START Data records

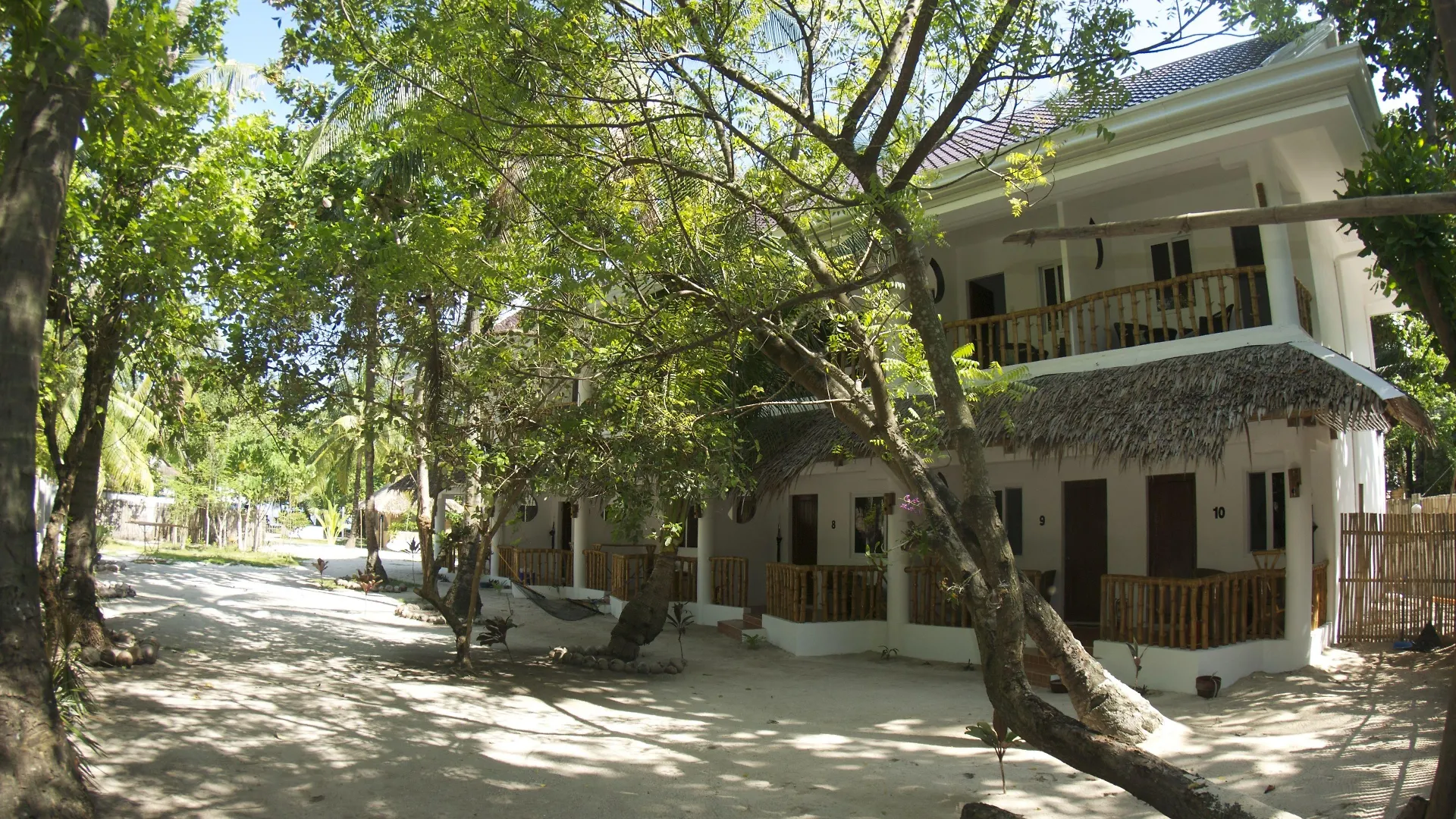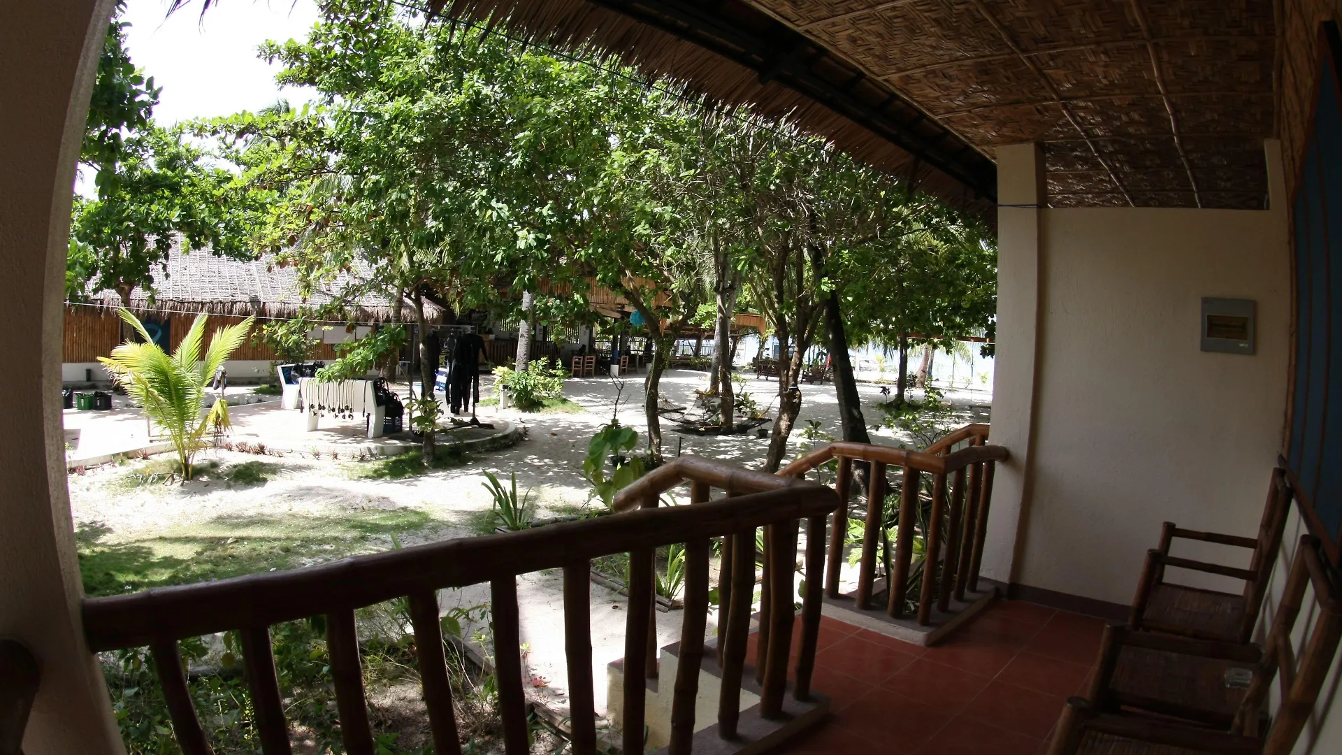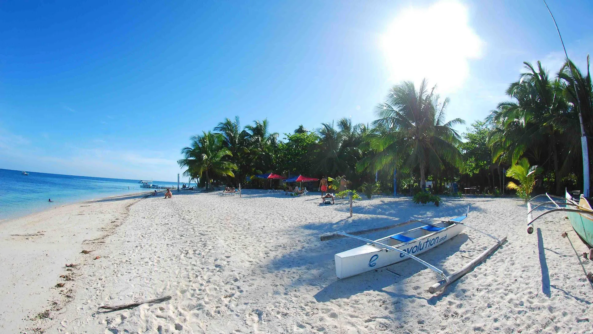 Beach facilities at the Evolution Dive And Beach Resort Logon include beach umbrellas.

END Data records
START Data records

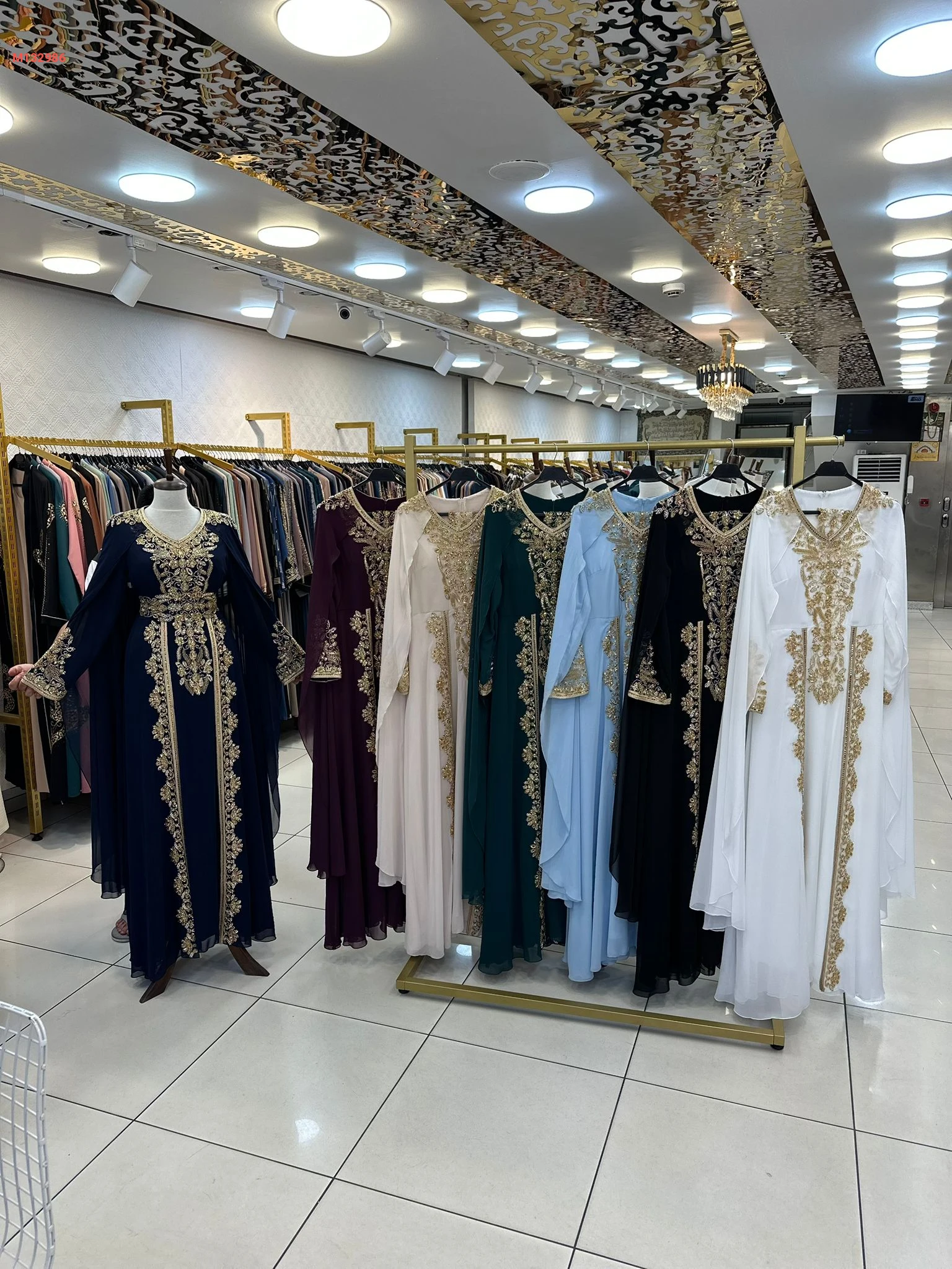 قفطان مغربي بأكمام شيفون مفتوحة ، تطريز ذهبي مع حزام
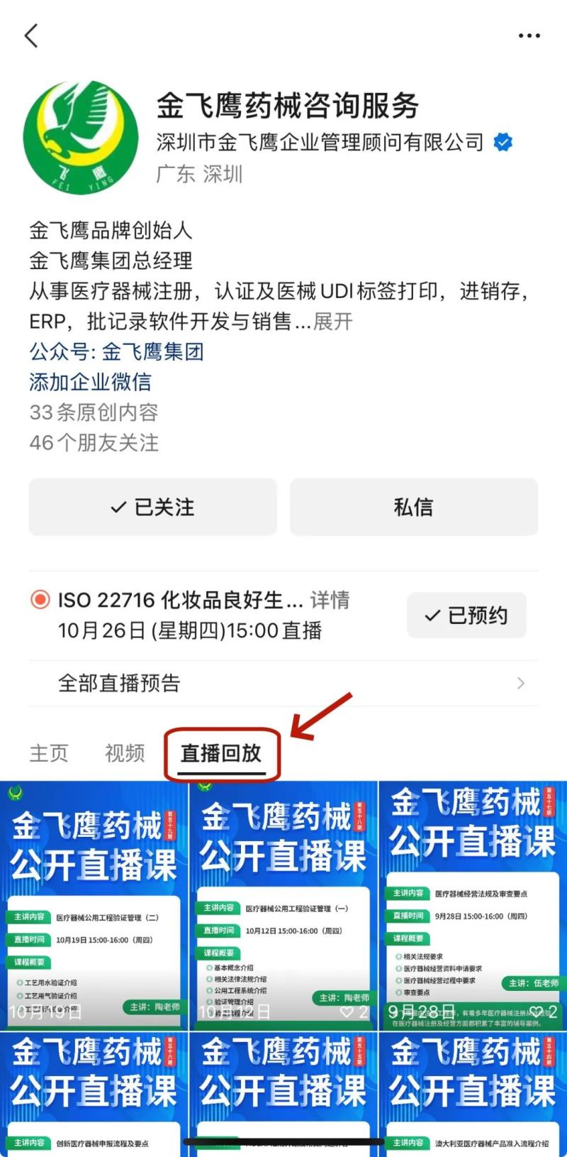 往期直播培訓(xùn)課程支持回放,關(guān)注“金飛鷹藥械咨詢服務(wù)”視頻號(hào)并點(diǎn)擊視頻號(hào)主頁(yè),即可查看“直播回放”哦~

END Data records
START Data records

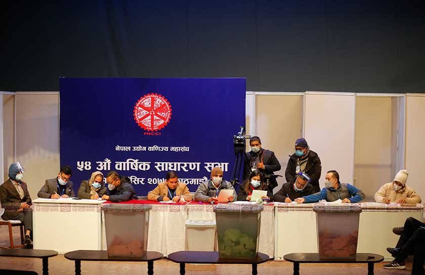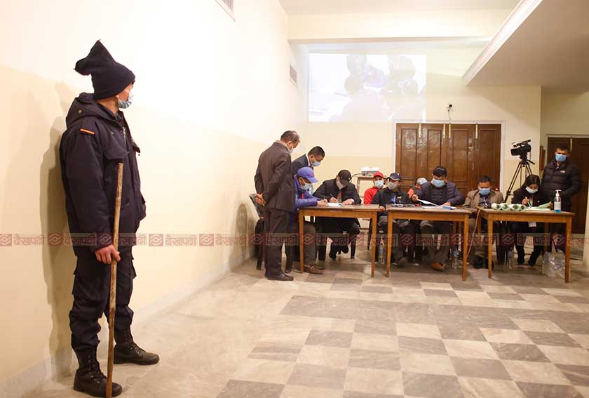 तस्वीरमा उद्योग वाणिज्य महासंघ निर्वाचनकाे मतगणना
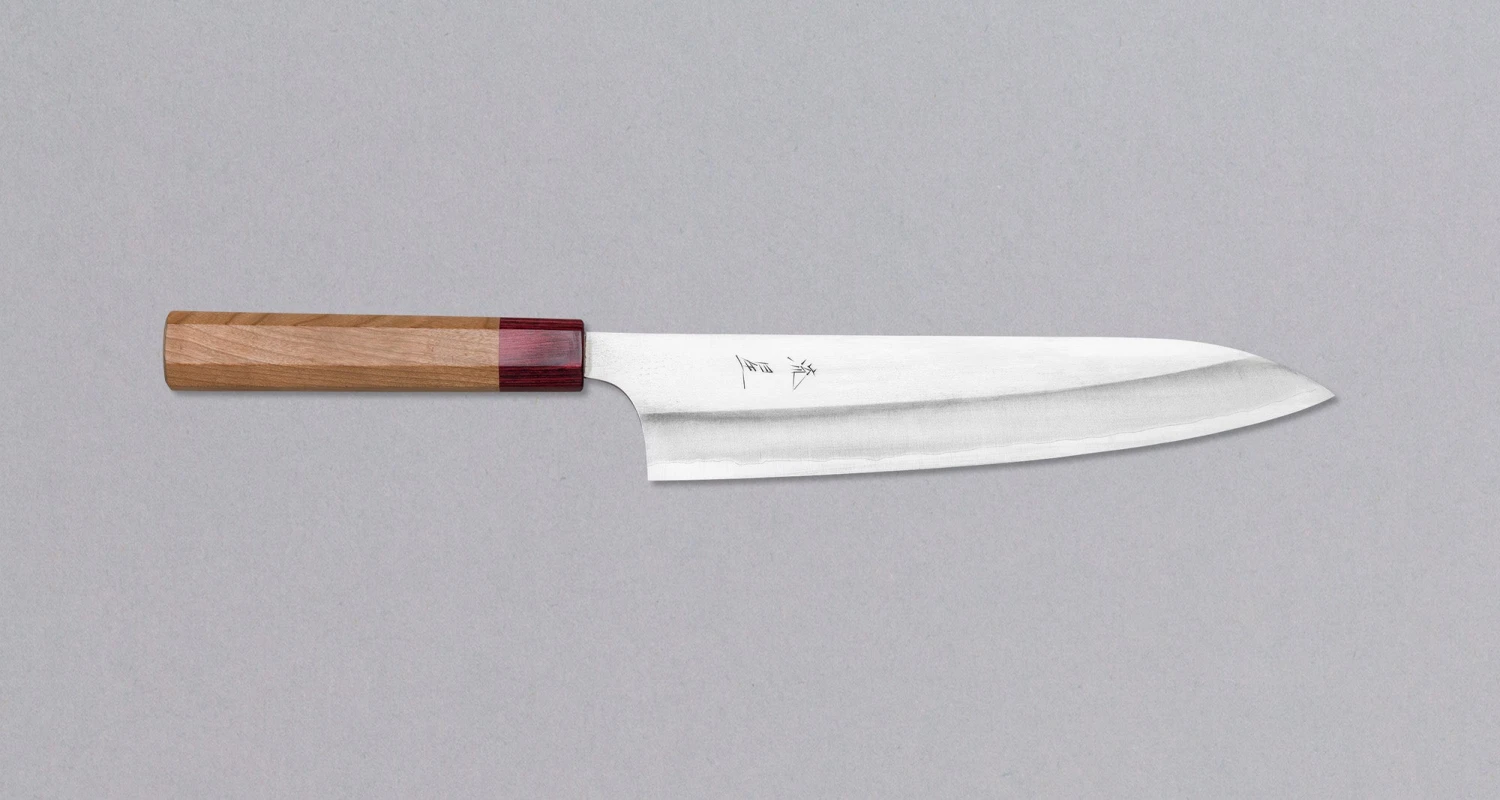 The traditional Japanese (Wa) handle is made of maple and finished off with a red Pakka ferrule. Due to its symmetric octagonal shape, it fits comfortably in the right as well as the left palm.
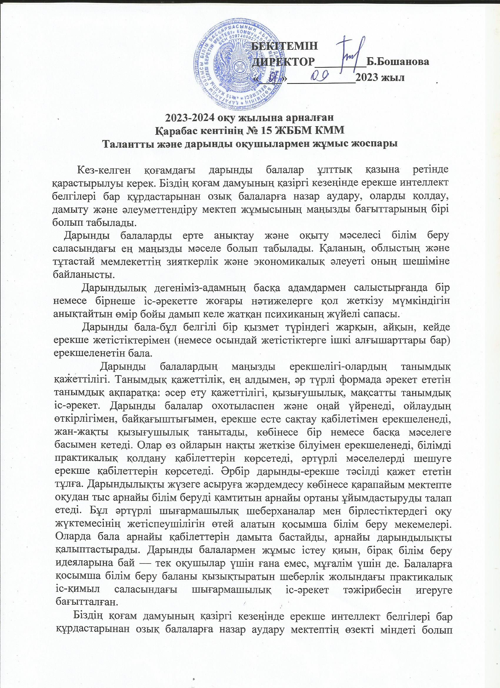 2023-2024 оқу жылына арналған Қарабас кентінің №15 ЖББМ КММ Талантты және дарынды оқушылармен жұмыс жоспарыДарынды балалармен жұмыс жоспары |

END Data records

Required work: Could the stretch from the line with "قفطان مغربي بأكمام" through the line with "往期直播培訓(xùn)課程支" in the listing above be restated word for word, minus the pictures?

Response to the exercise:
 قفطان مغربي بأكمام شيفون مفتوحة ، تطريز ذهبي مع حزام
 往期直播培訓(xùn)課程支持回放,關(guān)注“金飛鷹藥械咨詢服務(wù)”視頻號(hào)并點(diǎn)擊視頻號(hào)主頁(yè),即可查看“直播回放”哦~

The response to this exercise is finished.